Again, look here at the bunker right of #6.  This bunker was built last year and now has an entire winter and spring under it's belt.  It is well established, and right now you can see just little spots of brown turf but yet very good quality turf because it is only brown and dormant, not burnt.
 Here is another pic of the same bunker from a different angle showing some nice brown grass.  This is the great thing about using fescue on the bunker faces.  Even when brown and dormant, the turf quality is excellent.  Now check out some of the bunkers we completed last fall.  These bunkers had the benefit of overwintering and had the entire spring to establish themselves before summer set in. 
How gorgeous is this bunker face on #7..............................
or this beauty on #12.
This monstrous tandem of bunkers on 7 & 16 has only nice brown areas and no burnt, toasted turf.
All of the bunkers built before Christmas and the frozen month of January look really good right now.  They had a fair amount of time to establish.

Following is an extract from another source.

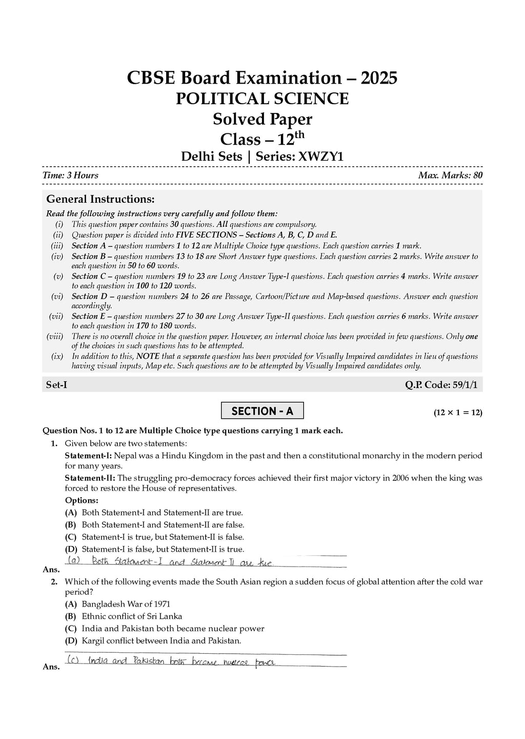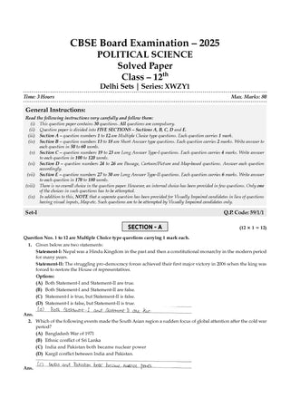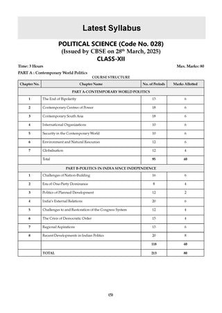 CBSE 15 Sample Question Papers Class 12 Political Science for 2026 Board Exam (As per CBSE Sample Question Paper issued on 30 July 2025), recommended by 2025 CBSE Toppers with Chapter wise Highly Probable Questions
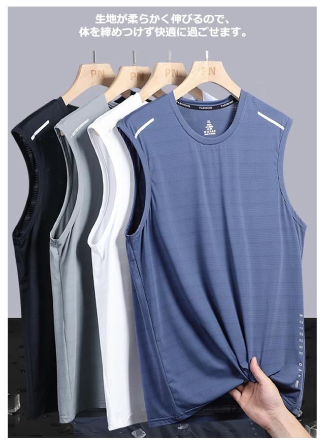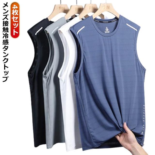 4枚セット タンクトップ メンズ ノースリーブ 接触冷感 トップス ドライ メッシュ ストレッチ 吸汗 速乾 インナー 男性 メッシュtシャツ シンプル 伸縮性 ランニングシャツ スポーツウエア ジム トレーニングウェア 送料無料

This bunker on #8 is the brownest of the mature bunkers.  Again, it was built before winter, and had a good establishment period, but because of the south facing edge, it has gotten really brown, but it is not burnt yet.  It is really dormant, but because it was well established, it is just dormant and turf quality is still excellent.  
Here is a close up of that brown area.
And here is a close up of the area on 18 which is more burnt looking and beyond dormant.

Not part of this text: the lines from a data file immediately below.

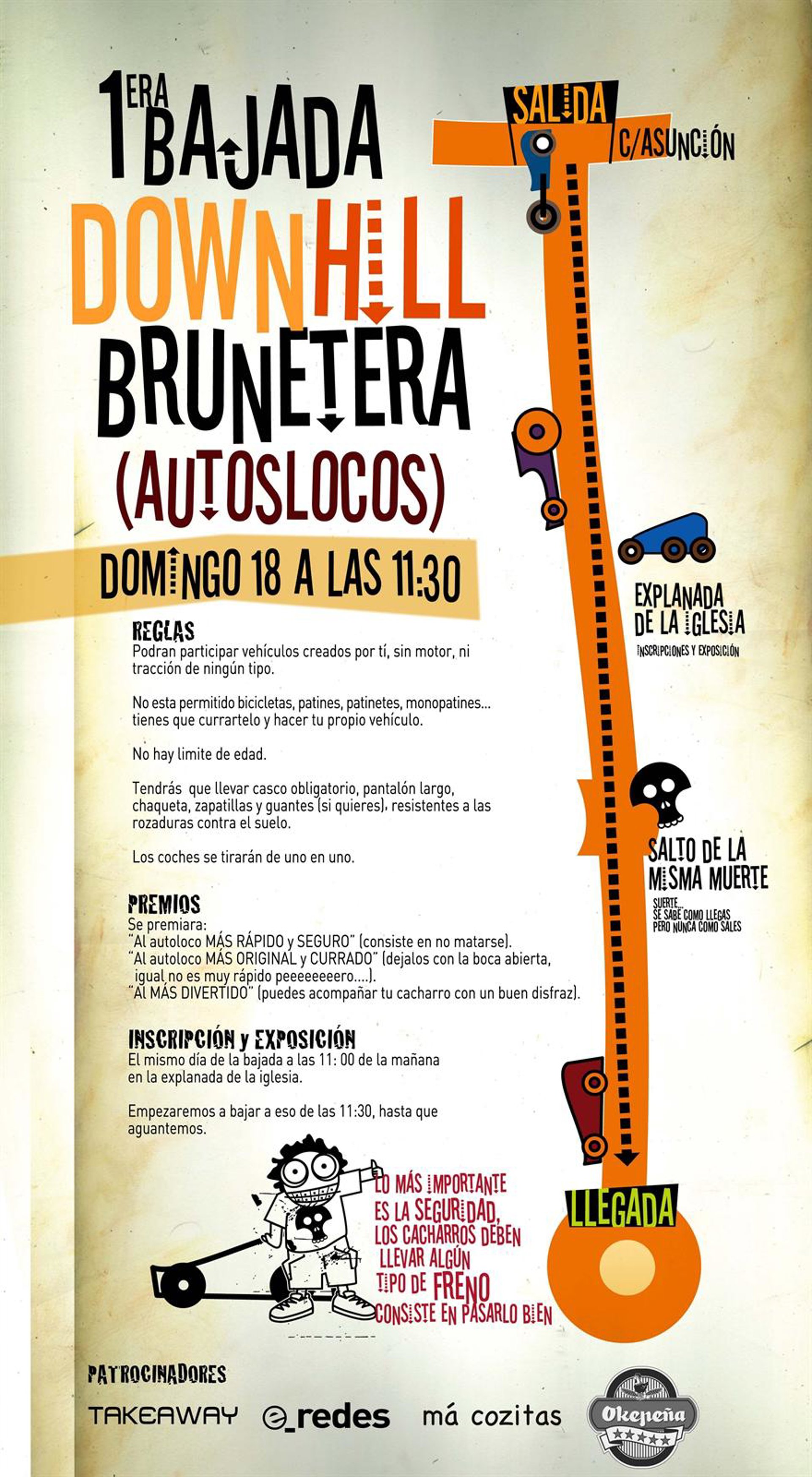 Mañana domingo día 18 de septiembre, desde las 11.30 horas, y con motivo de las Fiestas Patronales del municipio, tendrá lugar por primera vez en Brunete una espectacular y divertida prueba deportiva, la "Bajada Down Hill Brunetera" más conocida como los 'autos locos', ha informado el Ayuntamiento en un comunicado.
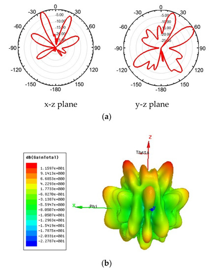 The 2-D and 3-D radiation patterns of the proposed array were simulated and are presented in Figure 16; the radiation efficiency of the proposed antenna array was over 85% with radiation power overlaps in one direction and a maximum gain of 11.6 dBi at 60.5 GHz, which was 0.93 dB higher than the gain achieved by the reported antenna array in [29]. Moreover, the size of the proposed antenna array was more compact than the presented antenna array in [30], which was utilizing the same band with a little difference in performance.
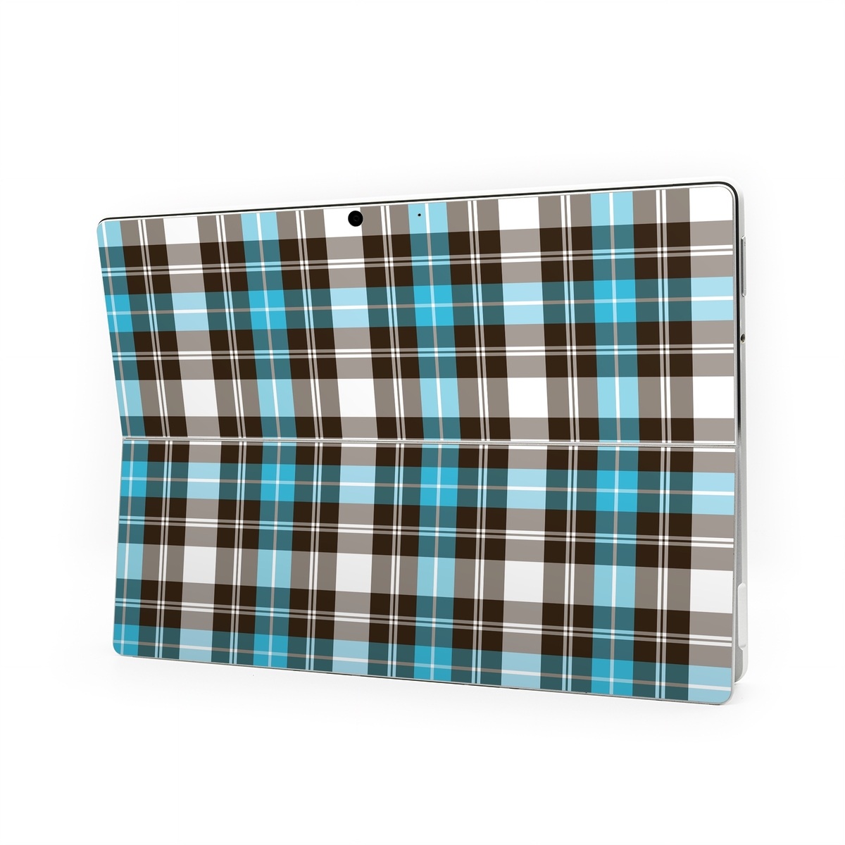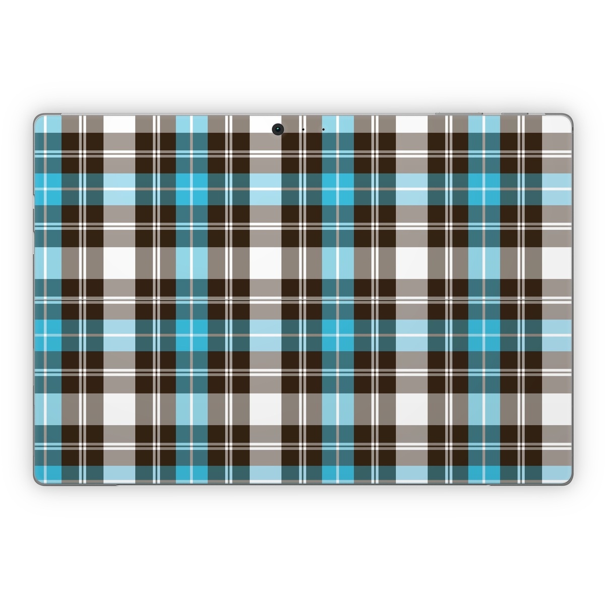 iStyles Microsoft Surface Pro Series Skin design of Plaid, Pattern, Tartan, Turquoise, Textile, Design, Brown, Line, Tints and shades, with gray, black, blue, white colors, and tagged with patterns.

Can you see the difference?.................Again, this is a situation that I don't think you will see much of in the future.  As our new bunkers mature, the fescue eyebrows will become much more established and I believe in the future, we will only see these areas get nice and brown in spots which is a great look, and the turf quality will remain very high, even during the hottest, driest months.  I think a blog post next year at this same time would be a good idea, as then we can look back at these pictures and make a good comparison.

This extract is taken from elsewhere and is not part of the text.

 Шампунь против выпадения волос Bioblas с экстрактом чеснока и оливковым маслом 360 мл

Now those of you that are members might be asking, "what's the deal with the brown, burnt greens"?  Above is a picture of #8 taken yesterday.  When the sun is shining, the greens look fine but up close you can see there is definitely something not good.
Some of the Poa types have turned brown and look like they are dying.  The look of death is by far the worst on #8 and this close up is of one of the worst spots I could find on #8.   But let's look even closer.
Yes there is a lot of brown leaf blades, but there is also a lot of green ones.  This burnt look is only a "tip burn" and it will go away very soon as the turf grows out of it.  This might happen quicker on someone else's  Poa greens, but because I also whacked em with a good shot of growth regulator when I burned them, it will be a little slower to grow out of it.  That's okay because right now we don't want them to grow fast.  Green speed is the most important thing to me and for those of you that know me, you know I really don't care too much how they look.  I manage turf as a playing surface.  How it plays is much more important than how it looks.  Some of the greens have this tip burn, please don't worry about it. Why are they "tip burned"? Our last fertilizer application was a little hot, meaning I had a little too much nitrate nitrogen in the mix.  Not to make excuses, but I will when I say the day we sprayed the greens, the weather man said it would reach 75 degrees when actually it hit 85.   I really don't like that weather guy some times.  But that just goes to show you that sometimes we ride a very fine line out here with our chemical applications.  In this case, we rode a very, very fine line.  The greens sprayed in the early morning hours are fine, but those that were sprayed at about 10 - 11am are a little tip burned.  If you are upset that I burned them a little, then I am sorry, but again, I manage playing surfaces, NOT LAWNS!  The greens are playing quite well this morning, and I hope you are enjoying the golf course.